Benchmark: speedometer2; Iterations: 5
keys silvermont (pass:5 fail:0) benchmark (pass:5 fail:0)
Keys Amean StdDev StdDev/Mean Amean StdDev StdDev/Mean GmeanSpeedup p-value
Total__summary (ms) 18873.41 81.12 0.4% 17863.51 37.11 0.2% +5.7% 0.00
,
Aug 6
Just had a discussion with AutoFDO owner wmi@ and here is a list of checks: 1. Compare the perf (cycle counts, instruction counts, cache miss, etc) of the images built with those two profiles, so as to see if it is caused by inlining difference. 2. Compare the hot functions from and calculate the distance of those two profiles.

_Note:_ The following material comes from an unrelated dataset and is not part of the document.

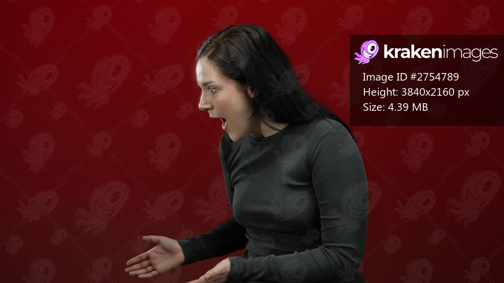 Woman with brunette hair in casual outfit smiling against bold red background with dynamic gestures suggesting surprise and excitement.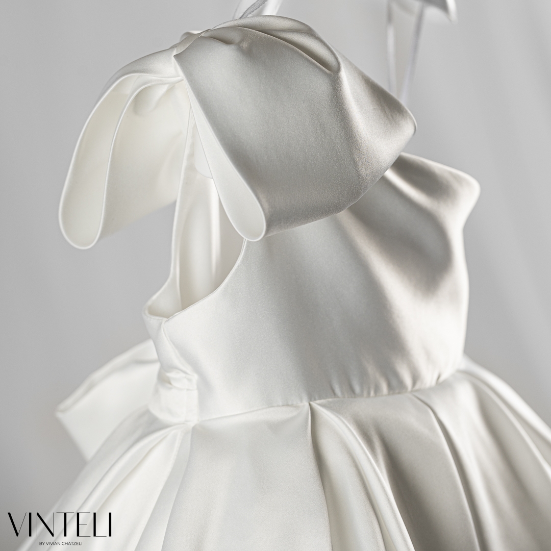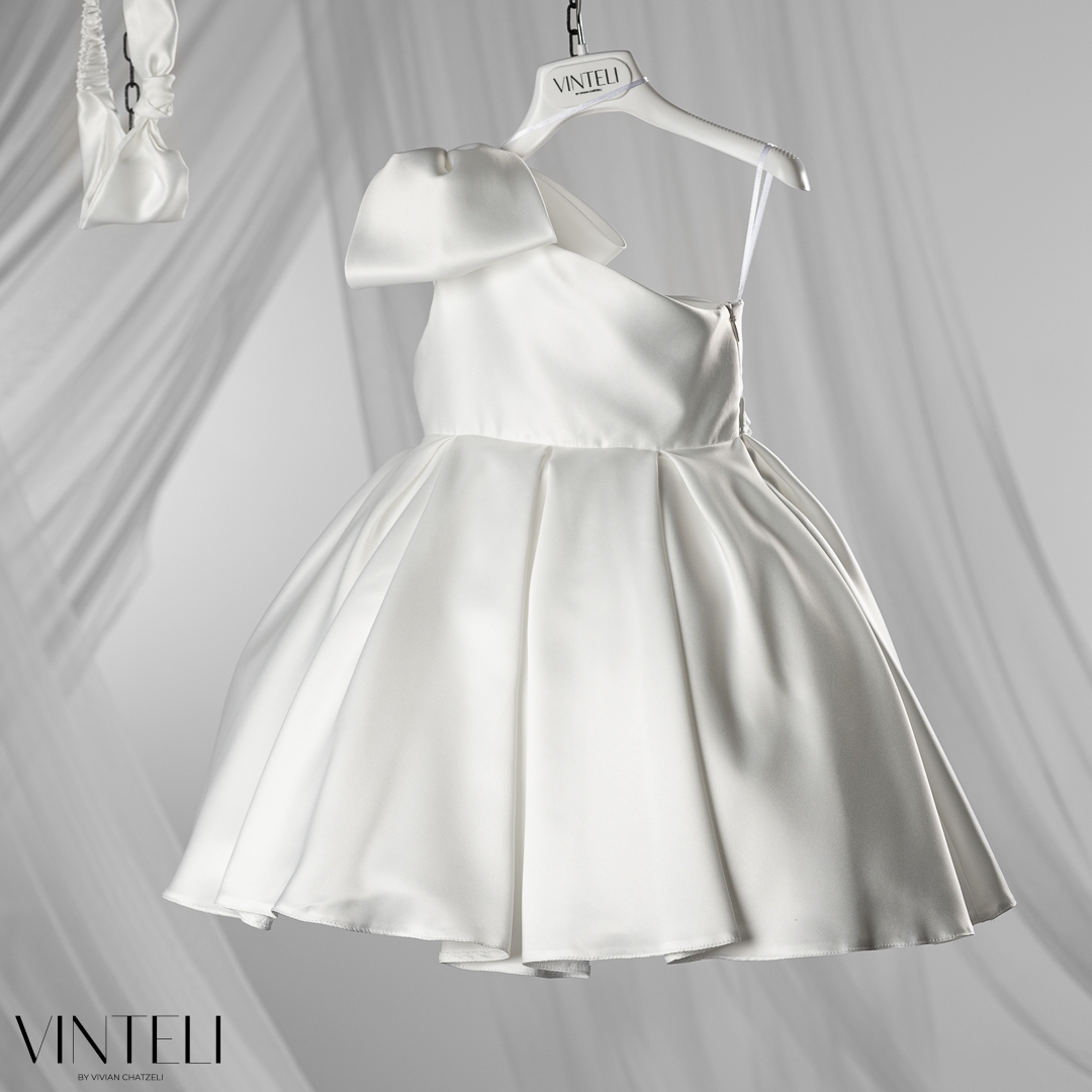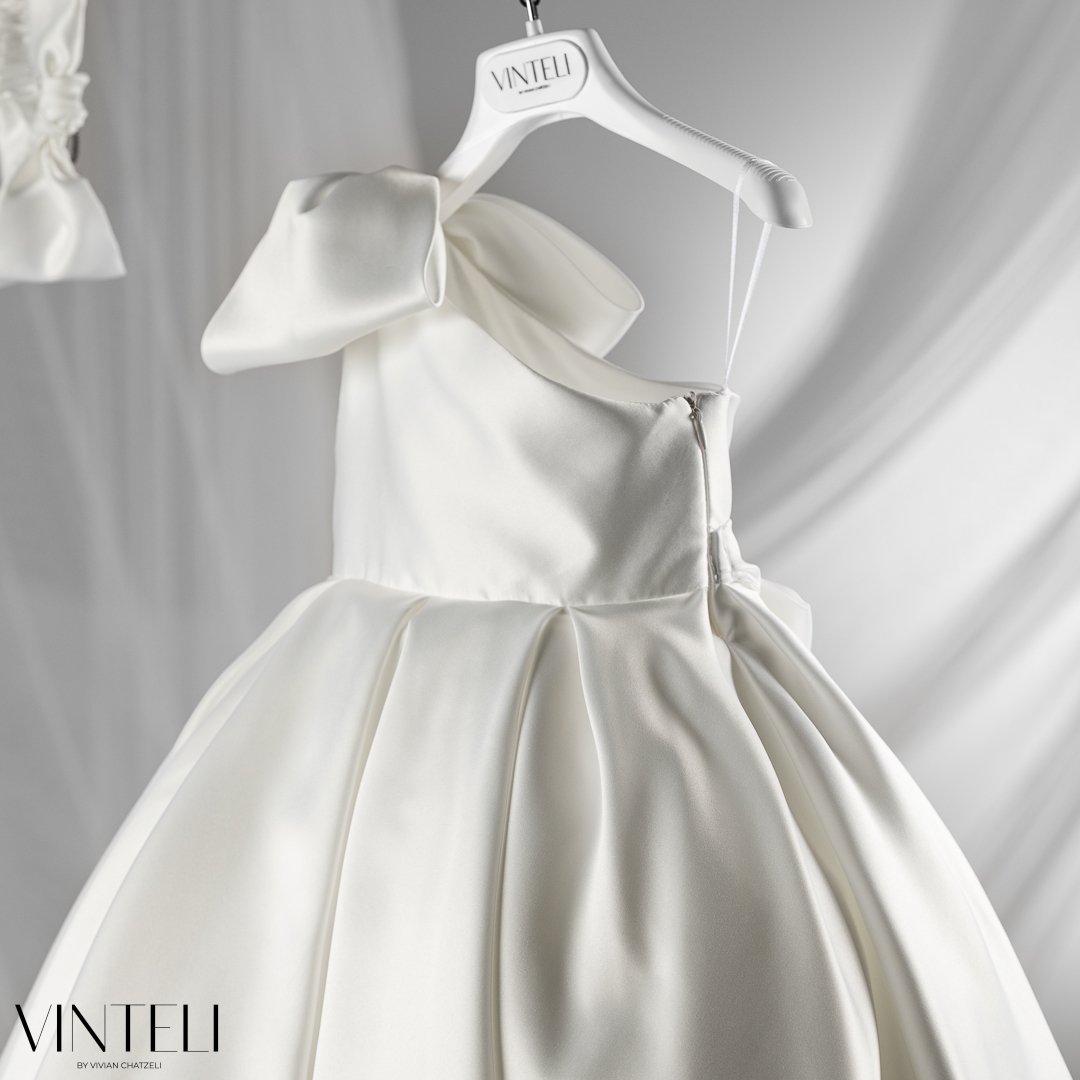 Βαπτιστικό φόρεμα σε ιβουάρ απόχρωση που αποπνέει κομψότητα και διακριτική πολυτέλεια. Το μπούστο είναι λιτό με ασύμμετρο κόψιμο στον έναν ώμο που χαρίζει μια μοντέρνα και ιδιαίτερη αισθητική, ενώ ο σατέν εντυπωσιακός φιόγκος δίνει χαρακτήρα και ξεχωρίζει διακριτικά. Η φούστα ανοίγει σε πλούσια γραμμή, δημιουργώντας όμορφη κίνηση και όγκο. Συνοδεύεται από ασορτί κορδέλα μαλλιών, ολοκληρώνοντας αρμονικά την εμφάνιση. Μια κομψή και ξεχωριστή επιλογή για βάπτιση, ιδανική για ιδιαίτερες και αξέχαστες στιγμές.

If they are very different, then the benchmark profile is probably overfitted to speedometer. We may just ignore the regression. The difficulty is how to define "difference" and the acceptable threshold of regression.
,
Aug 7
Interestingly, the cycle profiles of speedometer2 collected on the two resulted images are very different. To make sure I didn't make stupid mistake, I tried to flash & reboot & run more than 5 times and the profiles look pretty stable. `perf report` checks build id so it can't be wrong DSOs.
profile on image by benchmark profile:
percetange #sample process function name
1.67% 3011 chrome [.] v8::internal::compiler::CodeGenerator::AssembleArchInstruction
0.55% 983 TaskSchedulerFo [.] v8::internal::Factory::NewRawOneByteString
0.54% 975 chrome [.] v8::internal::compiler::RepresentationSelector::VisitNode
0.50% 899 chrome [.] mojo::edk::WatcherSet::NotifyState
0.44% 783 TaskSchedulerFo [.] v8::internal::JSObject::SetNormalizedProperty
0.43% 765 chrome [.] extensions::(anonymous namespace)::GetOrCreateOrNull
0.38% 681 chrome [.] v8::internal::StringReplaceGlobalRegExpWithString
0.37% 667 TaskSchedulerFo [.] v8::internal::ConcurrentMarking::Run
0.36% 641 chrome [.] v8::internal::ParserBase<v8::internal::PreParser>::ParseStatement
0.33% 598 chrome [.] v8::internal::ParserBase<v8::internal::PreParser>::ParsePropertyName
profile on image by CWP:
2.15% 3977 chrome [.] vp8_decode_mb_row_no_filter
1.14% 2121 TaskSchedulerFo [.] v8::internal::ParserBase<v8::internal::Parser>::ParsePrimaryExpression
0.63% 1171 chrome [.] blink::HTMLTokenizer::NextToken
0.55% 1025 chrome [.] v8::internal::ConcurrentMarking::Run
0.40% 744 TaskSchedulerFo [.] v8::internal::KeywordOrIdentifierToken
0.40% 735 chrome [.] quant_all_bands
0.36% 660 chrome [.] v8::internal::Scanner::Scan
0.35% 654 chrome [.] v8::internal::V8HeapExplorer::GetStrongGcSubrootName
0.33% 616 chrome [.] v8::internal::ParserBase<v8::internal::Parser>::ParsePrimaryExpression
0.32% 591 chrome [.] v8::internal::ParserBase<v8::internal::Parser>::ParseClassLiteral
Apparently there is something wrong in the profile on image by CWP; How vp8 is used in speedometer? Although the profile on image by benchmark profile looks reasonable, I don't know if it is real, either.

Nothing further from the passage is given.